During long-term administration, the patient may develop tolerance to the medicinal product and require higher doses to maintain the desired effect. Chronic administration of these tablets may lead to physical dependence. Withdrawal symptoms may occur upon the abrupt cessation of therapy. If therapy is no longer required, it may be advisable to reduce the daily dose gradually in order to avoid the occurrence of withdrawal syndrome (see section 4.2).
Targin is not suitable for the treatment of withdrawal symptoms.
There is no clinical experience with Targin in the long-term treatment of RLS beyond 1 year (see section 4.2).
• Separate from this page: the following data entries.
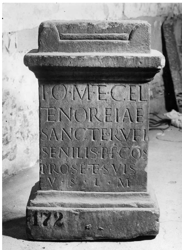
Slika 1. Oltar, posvečen Jupitru, Celeji in Noreji ( CIL III 5188 = ILS 4860).
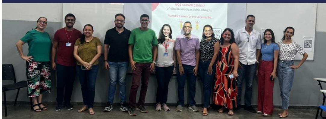
Foto dos servidores que participaram do encontro no ICA.I

Nos dias 25 e 26 de outubro de 2023, a Divisão de Acompanhamento Funcional (DAF/DRH) realizou o evento "Programa PASSO: reflexões sobre integração, avaliação e carreira dos/as servidores/as TAE" no Instituto de Ciências Agrárias (ICA/UFMG), em Montes Claros. Tal evento contou com um Encontro e duas Rodas de Conversa, que objetivaram a apresentação do Programa de Apoio ao/a Servidor/a em Socialização Organizacional (PASSO) e a divulgação de aspectos importantes sobre a gestão do conhecimento entre os/as servidores/as TAE, bem como informações sobre a carreira. Houve 32 participações nos três momentos de evento, que contou com a presença de chefias, servidores/as (novatos/as e veteranos/as), profissionais de RH e Seção de Pessoal.
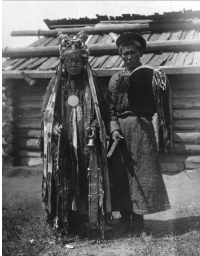
Hingani (?) evenki sámánasszony és segítője
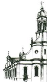
Kirche St. Joseph

Die Engel sind die unsichtbare Schöpfung, die wir im Glaubensbekenntnis bekennen. Diese unsichtbare Schöpfung ist nicht weniger reichhaltig als die sichtbare. In der Stufenordnung der Wirklichkeit stehen die Engel Gott am nächsten, weil sie nicht materiell gebunden, sondern reine Geistwesen sind. Der hl. Thomas von Aquin lehrt uns, daß jeder Engel seine eigene Gattung und seine eigene Art ist. Man könnte daher den Vergleich wagen, daß ein einziger Engel eine solche Seinsfülle besitzt wie die gesamte Ordnung des Lebendigen, den Menschen eingeschlossen. Es drückt sich also in diesem für uns nur noch schwerlich vorstellbaren Reichtum der Existenz der Engel in besonders beeindruckender Weise die Allmacht, Herrlichkeit und Großzügigkeit Gottes aus.
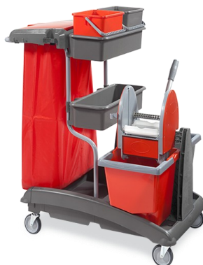
Idea Top 6

Perfekt für diejenigen, die die beste Qualität suchen.
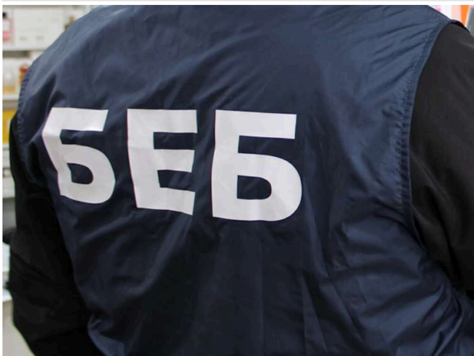
Збитки на мільйони: БЕБ ліквідувало мережу нелегальних АЗС в Одеській області

В Україні 2025 року було виявлено і демонтовано 76 незаконних АЗС. У 2026-му ж ця робота продовжилася. Зокрема, в Одеській області було припинено роботу цілої мережі нелегальних заправок, на яких торгували пальним сумнівного походження.
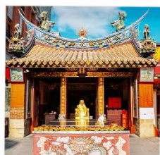
วัดเสียให้เจิ้งหวง

ขอคนรัก วัดเสียให้เจิ้งหวง พักย่านช้อปปิ้งซีเหมินติง ชมทะเลสาบสุริยันจันทรา เมืองโบราณจิวเฟิ่น 4วัน 3คืน
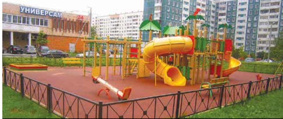
Благоустройство дворовой территории, ул. Коммунаров, 120

Силами ПМЦ «Лигово» и поисковых отрядов частично восстановлена линия окопов в Полежаевском парке. По государственному контракту выполнен ремонт трех памятников Мемориала в память обороны города в 1941–1944 годах «Зеленый пояс Славы», расположенных по адресам: Петергофское шос., 14-й
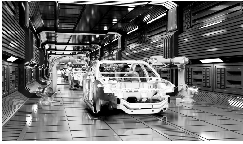
本版文字综合央视网、中国经营网、中国水运网等媒体报道

中国汽车工业协会副秘书长陈士华表示,在消费端,短期来看政策并不是完全退出,仍保留减半优惠,对于主流的市场,尤其是15万元到30万元价格的区间,仍具有一定的消费托底的作用。从长期来看,在生产端,促使车企加速技术创新和供应链的优化,推动中国汽车产业实现更高质量、更可持续的发展。
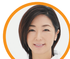
司会 中井 美穂 フリーアナウンサー
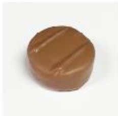
321 Arabica Melk hazelnoot- gianduja met koffie
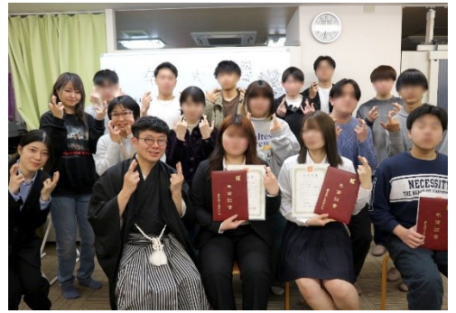
3月に行った卒業式
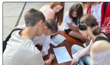
Wspólne rozwiązywanie zadania

Po przyjeździe do stolicy spotkaliśmy się z naszymi przewodniczkami, z którymi udaliśmy się na krótką wycieczkę po Warszawie. Podczas zwiedzania dowiedzieliśmy się, jak wyglądało życie Polaków w okresie międzywojennym. Następnie uczestniczący zostali podzieleni na zespoły, które rywalizowały w grze miejskiej. Otrzymali nietypowe i bardzo interesujące zadania do wykonania, w tym wiele ciekawych i twórczych zadań dziennikarskich.
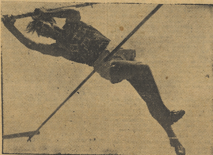
El alemán Gloetzer, ha batido recientemente el record de Europa de salto con pértiga. El citado atleta ha conseguido un salto de 4'60 metros.

Estos anuncios se admiten en la Administración de
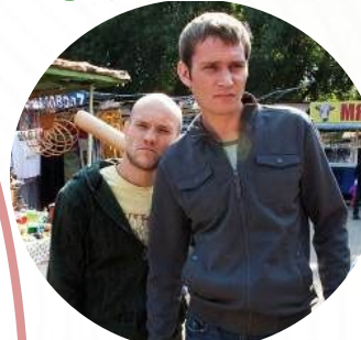
БЕЗРАЗЛИЧНЫЕ / «АМЕБНЫЕ»

There is potential for development of psychological dependence (addiction) to opioid analgesics, including Targin. These tablets should be used with particular care in patients with a history of alcohol and drug abuse. Oxycodone alone has an abuse profile similar to other strong agonist opioids.
In order not to impair the prolonged‑release characteristic of the prolonged‑release tablets, the prolonged‑release tablets must be taken whole and must not be broken, chewed or crushed. Breaking, chewing or crushing the prolonged‑release tablets for ingestion leads to a faster release of the active substances and the absorption of a possibly fatal dose of oxycodone (see section 4.9).
Patients who have experienced somnolence and/or an episode of sudden sleep onset must refrain from driving or operating machines. Furthermore, a reduction of the dose or termination of therapy may be considered. Because of possible additive effects, caution should be advised when patients are taking other sedating medicinal products in combination with Targin (see sections 4.5 and 4.7).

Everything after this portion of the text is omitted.